A truck is stopped for a red light at Ridge Road on Higgins line. At the instant the light turns green, the truck pulls away with a constant acceleration of 3.3 m/s2. A cyclist approaching the truck with a constant velocity of 12.0 m/s is 8.60 m behind the truck when the light turns green.
(1) What is the elapsed time from the changing of the light to when the cyclist passes the truck?
(2)What is the elapsed time from the changing of the light to when the truck repasses the cyclist?
i know how to do number 1. but i'm stuck on number two. i have the answer (6.38s) but i have no idea how to get that answer. any help would be greatly appreciated! thanks
To solve for the elapsed time from the changing of the light to when the truck repasses the cyclist, we can start by finding the position of the truck and cyclist at the moment they pass each other.
1. We know that the truck has a constant acceleration of 3.3 m/s^2 from the moment the light turns green. We can use the equation of motion: s = ut + 1/2at^2, where s is the displacement, u is the initial velocity, a is the acceleration, and t is time.
The initial velocity of the truck is 0 m/s since it starts from rest. Thus, the displacement of the truck at the moment the cyclist passes it is given by:
s_truck = 1/2 * 3.3 * t^2 (equation 1)
2. The cyclist, on the other hand, has a constant velocity of 12.0 m/s. The displacement of the cyclist at the moment of passing the truck is given by:
s_cyclist = 12.0 * t (equation 2)
Now, let's find the time when the cyclist passes the truck.
3. Since they pass each other, when the cyclist overtakes the truck, their respective displacements will be equal. Therefore, we can equate equations 1 and 2:
1/2 * 3.3 * t^2 = 12.0 * t
4. Simplify the equation:
1.65 * t^2 = 12.0 * t
5. Rearrange the equation to form a quadratic equation:
1.65 * t^2 - 12.0 * t = 0
We can now solve this equation using the quadratic formula.
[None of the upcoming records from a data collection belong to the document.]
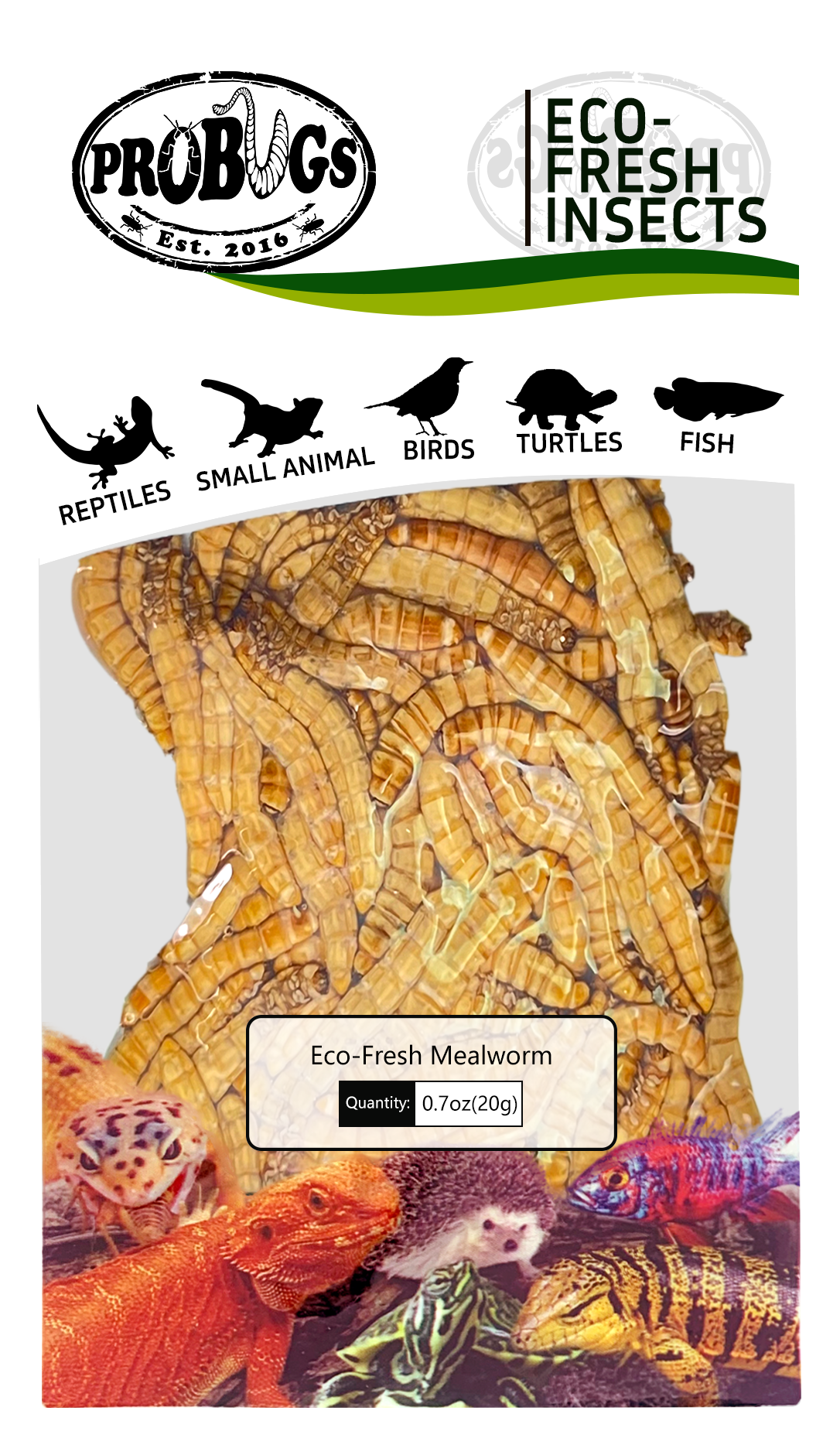 精选天然黄粉虫粉、蚕粉等原料 , 营养配比完全符合爬宠饲养标准,单一口粮即可满足日常营养需求。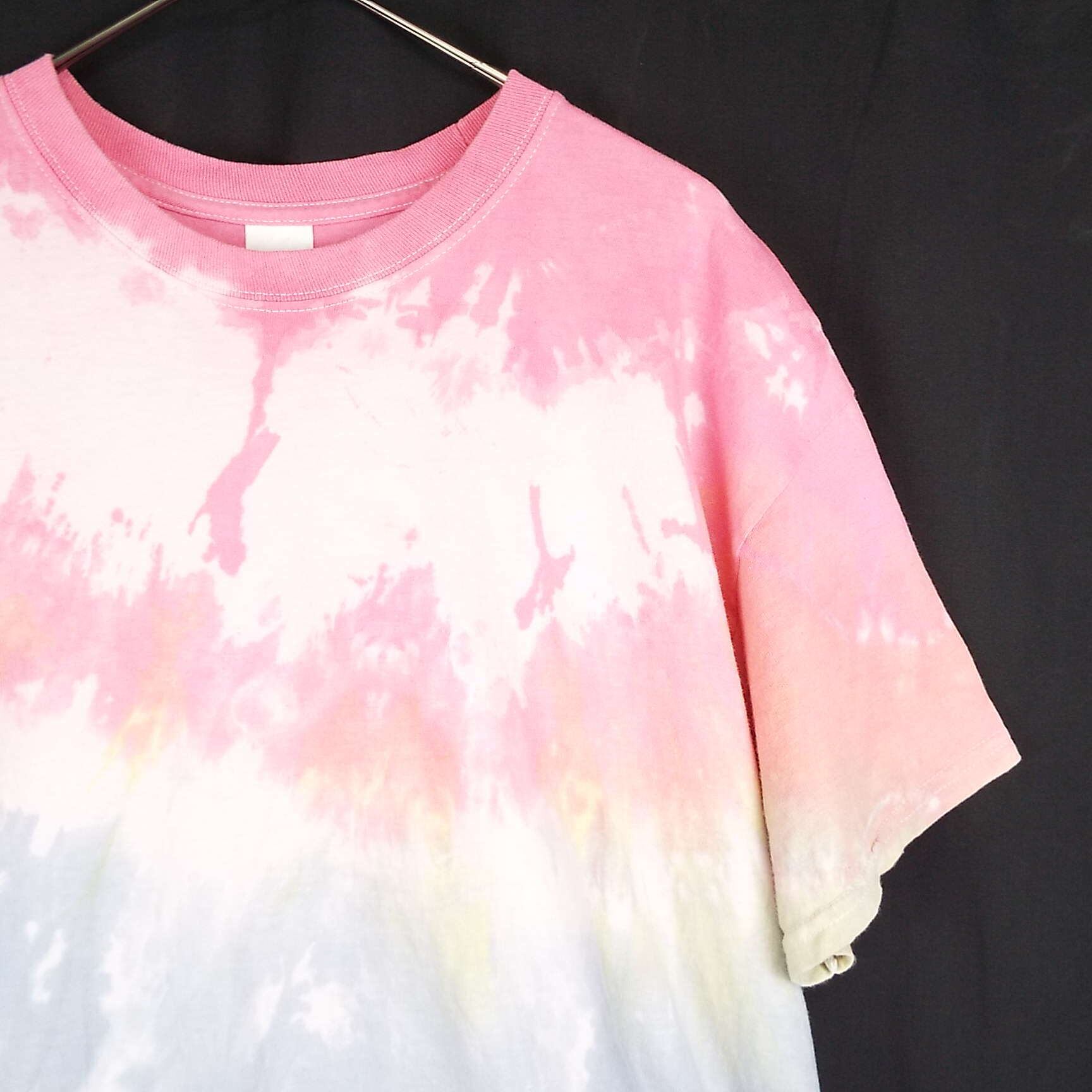 L|GILDAN SUPERHEROES DAY CAMP 2018 タイダイ染 グラデーション 半袖Tシャツ ホワイト・ピンク・ブルー コットン100% US古着【湘南倉庫】メンズ 白Tシャツ
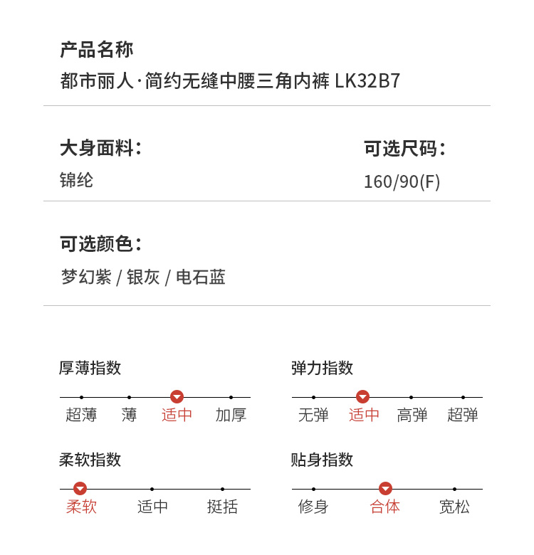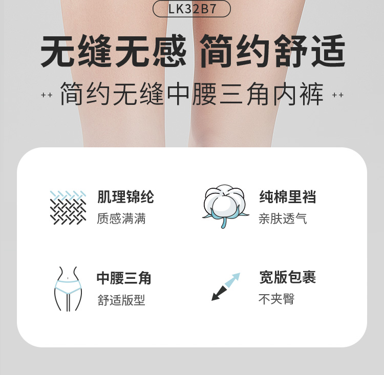 都市丽人基础系列无缝三角裤女士内裤中腰三角裤LK32B7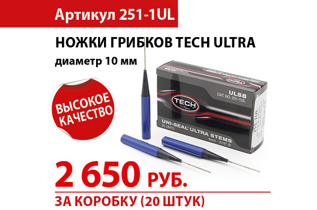 Cпециальная цена на ножки грибков TECH ULTRA 251-1UL (универсальные) с диаметром ножки 10 мм, 20 штук за 2 650 рублей.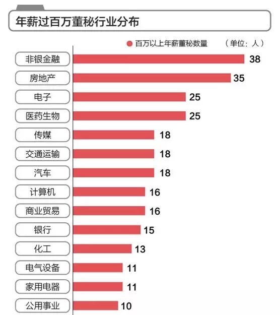 上榜董秘中,所在公司位于广东的董秘最多,为86人,紧随其后的是北京和上海,年薪过百万董秘人数分别为57人和41人。北上广的企业最“慷慨”。

6. Apply the quadratic formula to find the positive value of t:
t = (-b + √(b^2 - 4ac)) / (2a), where a = 1.65, b = -12.0, and c = 0
t = (-(-12.0) + √((-12.0)^2 - 4 * 1.65 * 0)) / (2 * 1.65)
t = (12.0 + √(144.0 - 0)) / 3.3
t = (12.0 + √144.0) / 3.3
t ≈ (12.0 + 12.0) / 3.3
t ≈ 24.0 / 3.3
t ≈ 7.27 seconds
The time it takes for the cyclist to pass the truck is approximately 7.27 seconds.
Now, let's move on to solving the second part of the question: the elapsed time from the changing of the light to when the truck repasses the cyclist.
7. To find the elapsed time from the changing of the light to when the truck repasses the cyclist, we need to find the time it takes for the truck to catch up to the cyclist after they pass each other.
8. As we found earlier, the time it takes for the cyclist to pass the truck is approximately 7.27 seconds.
9. Since the truck starts from rest and accelerates at 3.3 m/s^2, we can again use the equation of motion: s = ut + 1/2at^2, where s is the displacement, u is the initial velocity, a is the acceleration, and t is time.
Let's denote the time it takes for the truck to repass the cyclist as T. At this moment, the displacement of the truck is equal to the displacement of the cyclist.
Using equation 1, we can write:
1/2 * 3.3 * T^2 = 12.0 * T
10. Simplify the equation:
1.65 * T^2 - 12.0 * T = 0
11. Rearrange the equation to form a quadratic equation:
1.65 * T^2 - 12.0 * T = 0
Now, solve this quadratic equation using the quadratic formula to find the positive value of T:
T = (-(-12.0) + √((-12.0)^2 - 4 * 1.65 * 0)) / (2 * 1.65)
T = (12.0 + √(144.0 - 0)) / 3.3
T = (12.0 + √144.0) / 3.3
T ≈ (12.0 + 12.0) / 3.3
T ≈ 24.0 / 3.3
T ≈ 7.27 seconds
Therefore, the elapsed time from the changing of the light to when the truck repasses the cyclist is approximately 7.27 seconds, which is indeed the same as the time it takes for the cyclist to pass the truck.